Dane West, a Lee County teacher, said the culture of testing can destroy a child’s dream as early as third-grade.
West said children in the third-grade who don’t pass end-of-grade tests are being told they’re not on a path that will lead to college or a meaningful career.
“You have a generation of kids growing up who are being told they are failures and have no future,” West said. “It weighs on them and it shows up in how the view school.”

Meredith Pinckney, a Wake County agricultural science teacher, said her students aren’t tested but she sees the impact excessive testing has on them.
“The anxiety is real,” Pinckney said. “We literally have kids who skip test days because they don’t want to be there. That’s unfortunate that’s where we are.”
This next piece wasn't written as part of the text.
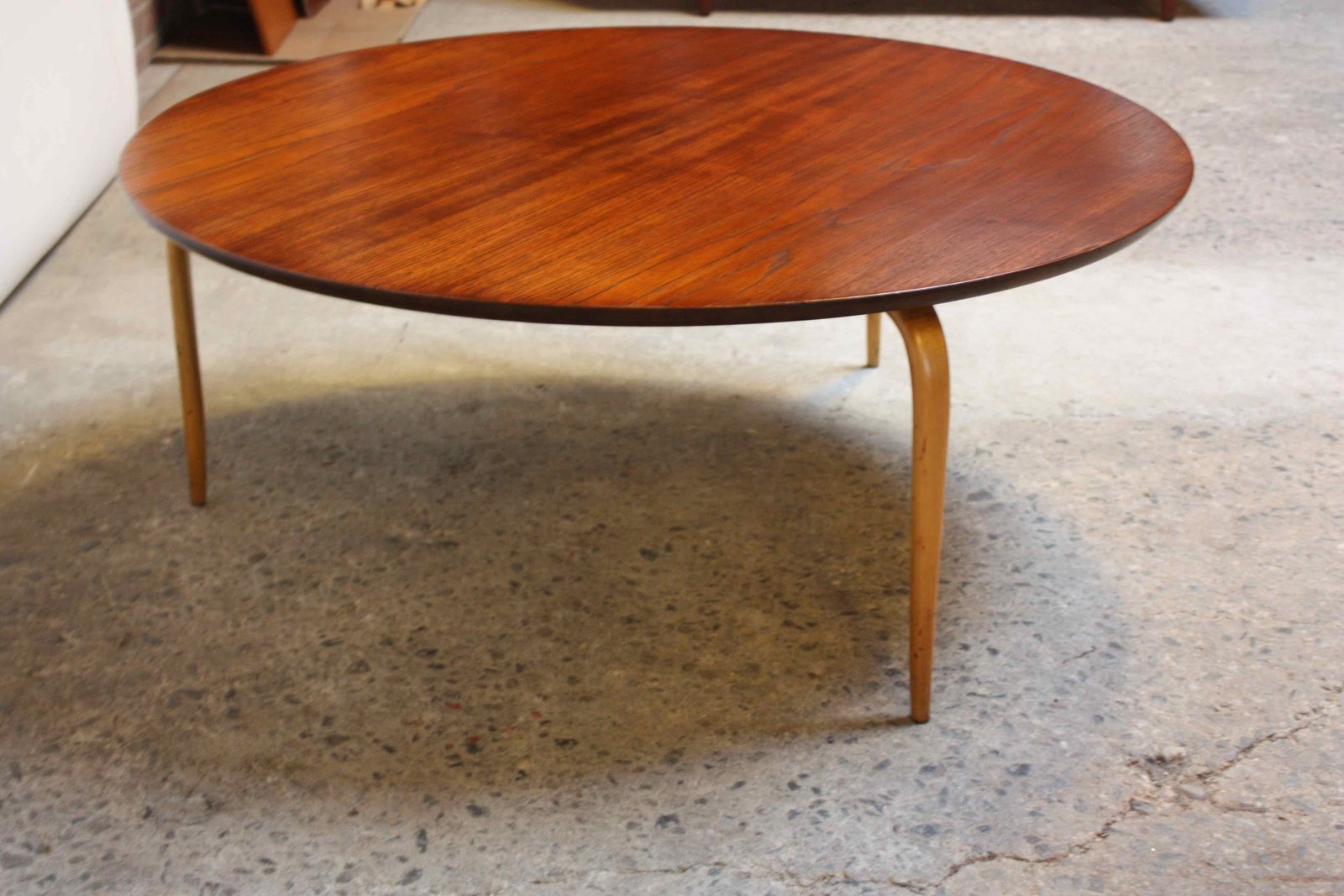 Swedish Teak and Birch Round ‘Annika’ Coffee Table by Bruno Mathsson

Saturday’s event was hosted by N.C. Families for School Testing Reform (NCFSTR), Save our Schools NC and Jen Mangrum, a candidate for State Superintendent of Public Instruction.
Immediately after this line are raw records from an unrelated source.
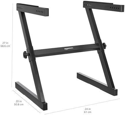 Amazon Basics Fixed Height Keyboard and Piano Stand, Z-Shape, Black, For Compact Space, Carpet Stability & More Legroom
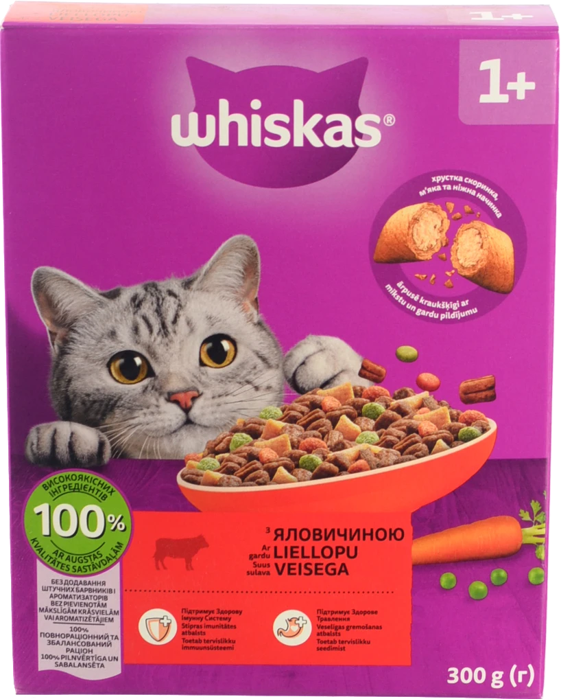 - Корм для дорослих котів з яловичиною Whiskas 300г
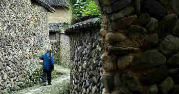 血缘古村落里由斑驳的鹅卵石砌造的

Several dozen educators attended the community conversation as well as a handful of elected officials, some of who later sat on a panel to discuss the state of education in North Carolina.
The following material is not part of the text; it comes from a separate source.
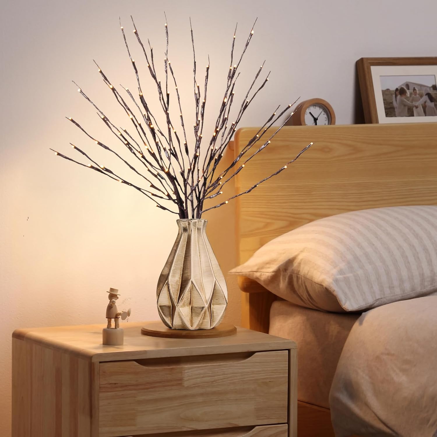 - 🎄【TWIG TREE LIGHT】6pcs branches are included,Each willow branch light comes with 5 bendable stems, 30 inches tall, 120 LED pure white color light bulbs are enough to create a relaxed and warm atmosphere.

Ravitch said students from low-income households who perform poorly on standardized tests don’t do so because they don’t have the brains to score well.
“Children who grow up in poverty are likely to have low test scores, not because they’re not smart but because they’re hungry, or they haven’t had decent medical care, they’re growing up in situations that are disadvantageous to their health and well-being and that affects their test scores,” Ravitch said.
Federal and state leaders have given too much weight to standardized tests, Ravitch said.
She said the tests are often flawed and shouldn’t be used to measure student and teacher success.
“The appropriate use of testing is diagnostic,” Ravitch said. “Tests today have no diagnostic value whatsoever, so standardized testing is being totally misused to judge everybody for accountability purposes and it’s not supposed to be used that way.”
In North Carolina, State Superintendent Mark Johnson has announced new initiatives to reduce the amount of testing currently required of students in North Carolina’s public schools.
Johnson has pledged to reduce the number of questions on tests, reduce the time students must sit for tests, change testing policies to reduce the stress at schools, work with local leaders to reduce the number of locally required tests and push to eliminate tests not required by the federal government.
A survey about testing conducted by Johnson’s office found that 78 percent of the roughly 42,000 parents who responded said their child takes too many tests. Seventy-six percent of teachers who responded said North Carolina’s public school students were being tested too much.
And the State Board of Education is weighing the elimination of the state’s fourth grade exams in science and social studies and the fifth-grade exam in social studies as way to reduce the amount of testing in North Carolina Schools.
Critics of high-stakes, standardized testing said they understand some testing is needed, but believe the state now requires students to take too many exams.
“We’re concerned with the excessive testing that is putting a strain on our children, it’s bringing shame to them, it’s putting them in environments that are not optimal for their learning and social-emotional learning,“ said Suzanne Miller, founder of NCFSTR.
Miller said Saturday’s event was a first step toward raising awareness about excessive testing to bring about a cultural change.
“We need to make sure parents and teachers know they can do something about this and empower teachers to use their voices to say something needs to change,” Miller said. “And we need to be in conversations with our legislators and policy makers to let them know how we’re feeling and that we really do need change, not only for our own kids, but for the entire state. It’s an issue across the state.”
State Sen. Floyd McKissick, (D-Durham) said the General Assembly must address the fact that many teachers feel they’re teaching students to only pass standardized tests.
“Our dependence and reliance on standardized tests needs to be rethought,” McKissick said. “We need to come up with alternative means to evaluate students and to diagnose their strengths and weaknesses.”